Elle eut envie de rire. Du temps. Elle en avait tant dépensé dans ce caveau. Des années de sa vie, comprimées en cinq minutes de lucidité empruntée.
« Les secrets de la Couronne. » Sa voix n’était guère plus qu’un souffle. « Je sais ce qu’elle renferme, maintenant. Je sais ce qu’est vraiment le trône. »
« Tu me diras plus tard. » Il sortit une flasque de je ne sais où, à l’intérieur de son manteau, et la lui enfonça dans les mains. « Bois. Tu as besoin de liquide. »
Elle but. L’eau était fraîche et pure, et elle apaisa l’irritation vive de sa gorge. Lorsqu’elle abaissa la flasque, elle surprit Cassian en train de la regarder avec une expression qu’elle ne parvenait pas à interpréter.
« Ça fait mal ? »
Elle pesa la question. Son corps la lançait d’une douleur sourde et tenace. Ses articulations étaient raides. Sa peau lui semblait trop tendue sur les os. Mais la douleur n’était pas le pire. Le pire, c’était de savoir que ce n’était que le début. Chaque emprunt coûterait davantage. Chaque dette se multiplierait. Un jour, il ne resterait plus rien à prendre.
« Ça fait mal. » Elle lui rendit la flasque. « Mais j’ai ce pour quoi nous sommes venus. »
Cassian demeura silencieux un long moment. Puis il tendit la main et repoussa de son front une mèche de cheveux striée d’argent. Son contact était léger comme une plume, presque révérencieux.
« Je suis désolé. » Sa voix était basse. « Je ne voulais pas ça pour toi. »
Elle voulait le croire. Elle voulait croire que le chagrin dans sa voix était réel, que la tendresse de son geste reflétait quelque chose d’authentique. Mais elle avait lu les secrets de la Couronne. Elle savait ce que le trône faisait à ceux qui le convoitaient. Elle savait comment le pouvoir corrompait même les meilleures intentions.
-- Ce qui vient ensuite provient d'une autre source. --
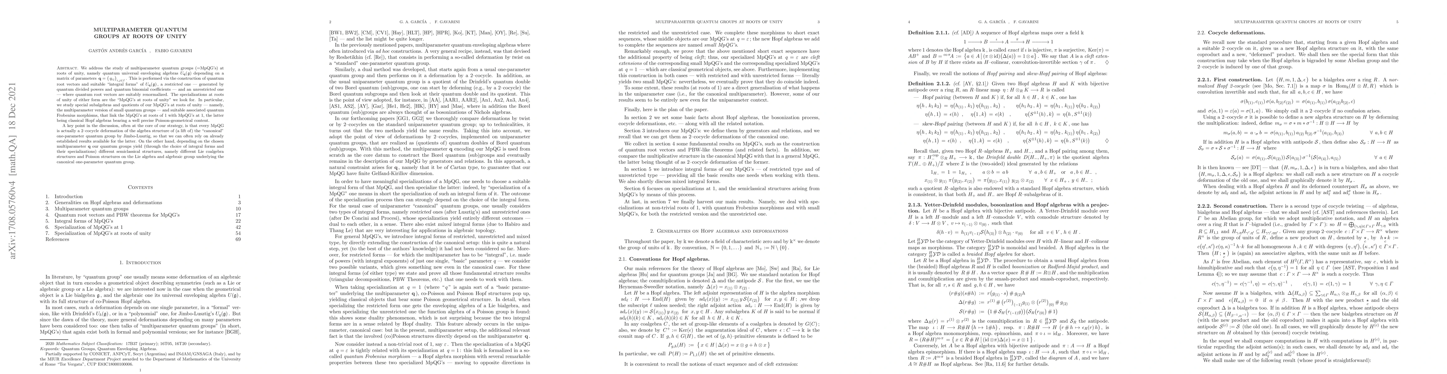 We address the study of multiparameter quamtum groups (=MpQG's) at roots of unity, namely quantum universal enveloping algebras $ U_{\boldsymbol{\rm q}}(\mathfrak{g}) $ depending on a matrix of parameters $ \boldsymbol{\rm q} = {\big( q_{ij} \big)}_{i, j \in I} \, $. This is performed via the construction of quantum root vectors and suitable "integral forms" of $ U_{\boldsymbol{\rm q}}(\mathfrak{g}) \, $, a \textsl{restricted one} - generated by quantum divided powers and quantum binomial coefficients - and an \textsl{unrestricted\/} one - where quantum root vectors are suitably renormalized. The specializations at roots of unity of either forms are the "MpQG's at roots of unity" we look for. In particular, we study special subalgebras and quotients of our MpQG's at roots of unity - namely, the multiparameter version of small quantum groups - and suitable associated quantum Frobenius morphisms, that link the MpQG's at roots of 1 with MpQG's at 1, the latter being classical Hopf algebras bearing a well precise Poisson-geometrical content. A key point in the discussion - often at the core of our strategy - is that every MpQG is actually a 2-cocycle deformation of the algebra structure of (a lift of) the "canonical" one-parameter quantum group by Jimbo-Lusztig, so that we can often rely on already established results available for the latter. On the other hand, depending on the chosen multiparameter $ \boldsymbol{\rm q} $ our quantum groups yield (through the choice of integral forms and their specialization) different semiclassical structures, namely different Lie coalgebra structures and Poisson structures on the Lie algebra and algebraic group underlying the canonical one-parameter quantum group.

Cassian était un Claimant. Il voulait le trône. Et elle venait de lui donner le savoir dont il avait besoin pour s’en emparer.
« Tu es désolé parce que tu tiens à moi, dit-elle, ou parce qu’un outil abîmé est moins utile ? »
Sa main s’immobilisa contre sa tempe. Elle crut qu’il allait se retirer, se réfugier derrière ses murs de calcul et de maîtrise.
Au lieu de cela, il soutint son regard.
« Peut-être. » Il parla doucement. « C’est une question à laquelle je suis encore en train de répondre moi-même. »
Il ne retira pas sa main. Elle ne s’écarta pas.
En contrebas, les lumières de la ville brûlaient comme mille petites flammes, chacune une vie qui serait touchée par ce qu’ils venaient de mettre en marche. La Couronne des Heures pesait lourd dans ses mains abîmées. Et, quelque part dans les profondeurs cristallines de la chambre forte, le fantôme de son moi plus âgé vacillait encore dans les parois, les yeux creux, avertissant de coûts qui restaient à venir.